If you think jobs, prosperity and income growth over the long term are important, your choice is easy
The economy is a key issue in this year’s presidential campaign. Is America better off now than when Barack Obama took office? Presumably the answer matters because it sheds some light on how things will go over the next four years if Obama is reelected. But how much light?
As one successful investment manager says, “Luck matters in the short term, but skill matters in the long term.” The implication is that Americans looking for skillful economic leadership from the White House would be better served by considering the long-term economic performance of Democratic and Republican presidents rather than the vagaries of the past four years.
Even the simple-seeming question of whether America is better off now than when President Obama took office hides important complexities. Our economy survived what could have been another Great Depression and is now growing, albeit slowly. GDP and the stock market are up; but unemployment remains painfully high, and most people’s real incomes are lower than they were four years ago.
It is even less clear how much credit or blame Obama deserves for any of these conditions. The U.S. has rebounded from the Wall Street meltdown more successfully than most other industrialized nations. But is that because of Obama’s policies, or in spite of them? Economists disagree about the expected path of recovery from major financial crises and about the extent to which specific policies like the president’s stimulus package have actually helped.
Not surprisingly, given these complexities, partisans disagree sharply about how much to blame Obama for the nation’s economic problems. In a June Gallup poll, 81 percent of Democrats but only 16 percent of Republicans said “not much” or “not at all.” But for people with no partisan ax to grind, uncertainty about how much blame or credit Obama deserves seems both inevitable and reasonable — and, sure enough, political independents in that Gallup Poll split almost equally between blaming Obama “a great deal” or “a moderate amount” (51 percent) and “not much” or “not at all” (47 percent).
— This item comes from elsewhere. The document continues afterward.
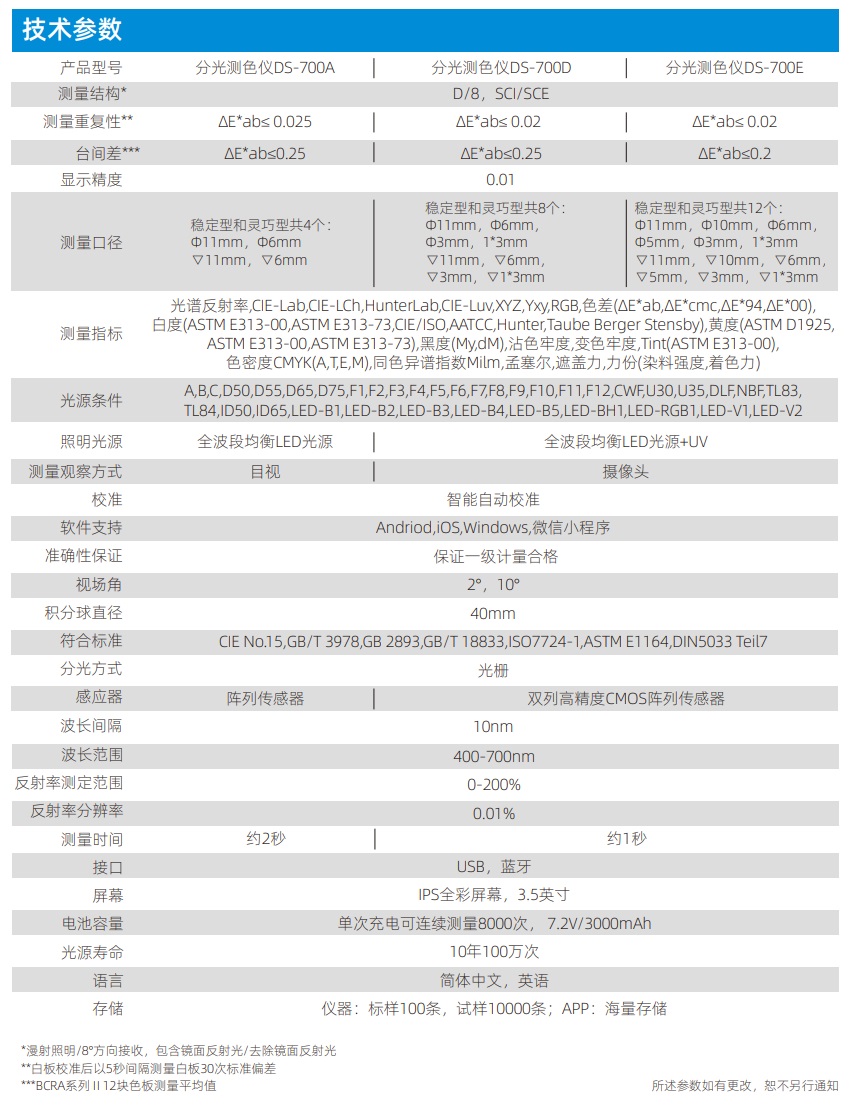 便攜式分光測色儀DS-700A/D/E

A fairer and more reliable way to judge the parties — and to guess how things might go under Obama or Mitt Romney over the next four years — is on the basis of long-term performance. How have Democrats done, not just under Obama, but over a span of decades? How about Republicans? People readily grasp the diagnostic value of long-term performance in other walks of life. A judge has ruled that poker is more skill than luck; though luck may beat skill in any given hand, the better player is very likely to win in the long run.
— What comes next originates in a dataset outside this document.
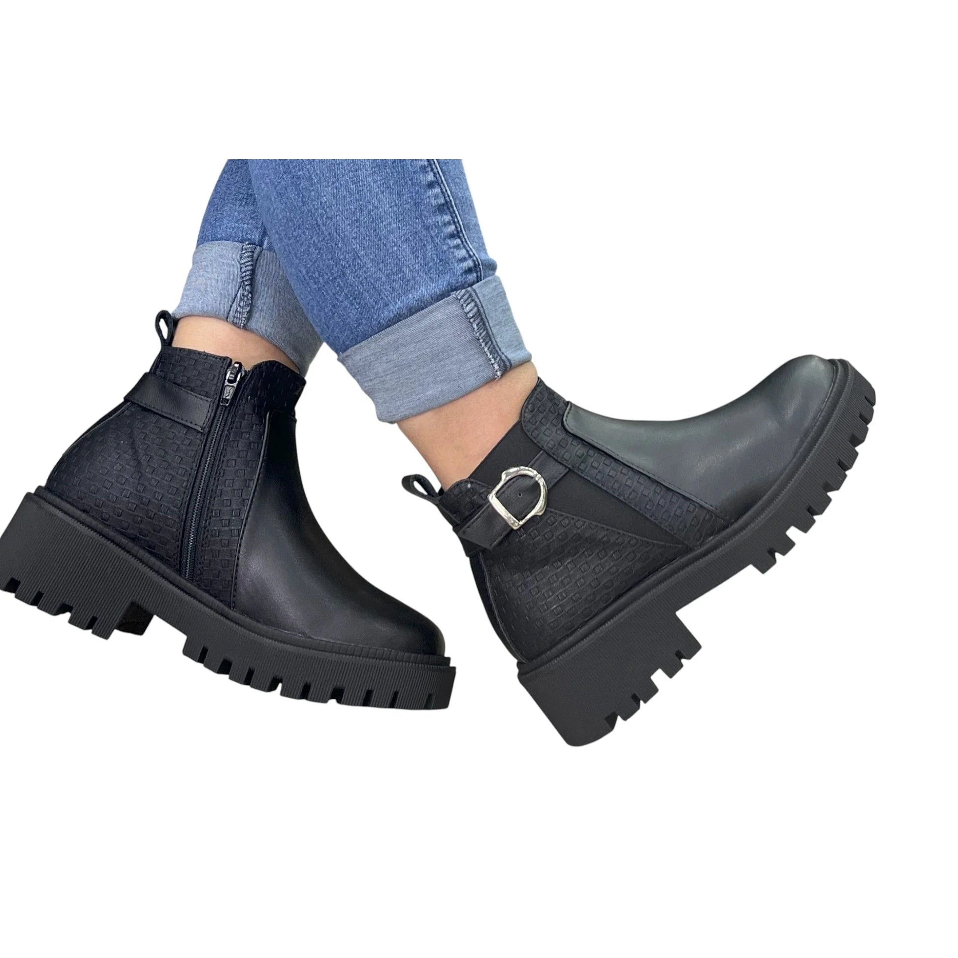 BOTÍN RENATA NEGRO CON HEBILLA Y CREMALLERA

Most people do not construct a careful running tally of the parties’ long-term economic performance, of course. However, my 2008 book, “Unequal Democracy,” examined the economic record of Democratic and Republican presidents since the late 1940s using official tabulations from the Bureau of Economic Analysis, the Bureau of Labor Statistics, and the Census Bureau’s Historical Income Tables. I found that GNP growth was generally stronger, unemployment lower, and incomes more equal under Democratic presidents than when Republicans were in the White House. The real incomes of middle-class and working-poor families grew much faster under Democrats, on average, even after allowing for a variety of possible confounding factors — long-term trends in growth, family structure and labor force participation, world oil prices, and “trickle-down” effects of previous growth.
Newly updated Census Bureau tabulations through 2011 continue to show substantial partisan disparities in income growth rates over the entire postwar period. (These tabulations include revised data from previous years as well as new data from 2006 through 2011.) Average income growth under Democratic presidents has been fairly robust across the income spectrum, while growth under Republican presidents has been much weaker and has mostly benefited affluent families. Over more than six decades, the average incomes of middle-class families have grown more than twice as fast under Democratic presidents as they have under Republican presidents. The average incomes of working poor families have grown nine times faster under Democrats.
Of course, a lot has changed in the American economy and politics since the late 1940s. How does the partisan comparison look if we focus solely on the past 30 years, beginning with Ronald Reagan? The most striking difference is that structural changes in the economy have produced much weaker income growth under both Democrats and Republicans than in the boom years of the 1950s and 1960s. However, the partisan differences in income growth over the past 30 years look much the same. Republican presidents have continued to preside over very unequal growth, with the real incomes of working poor families actually declining over the 20 years in which Ronald Reagan, George H.W. Bush, and George W. Bush held the White House. Average income growth has been stronger across the board under Democratic presidents (Bill Clinton and now Obama), by amounts ranging from 1.6 percentage points for working poor families to 0.6 percentage points for affluent families.
Are differences of this sort large enough to be meaningful? For a middle-class family, the income growth record typical of Republican presidents in the past 30 years would produce a cumulative gain of $1,000 over a four-year Romney term; the corresponding cumulative income gain at the average Democratic growth rate would amount to almost $7,000. For working poor families, the partisan gap is smaller in absolute dollars, but it represents the difference between likely modest income growth under Obama and losing ground under Romney.
Of course, as investment advisers always say, “Past performance does not guarantee future results.” Nevertheless, for voters making a bet on America’s economic future, the past performance of Democrats and Republicans in the White House provides important evidence about how President Obama or President Romney would be likely to play whatever cards they are dealt over the next four years.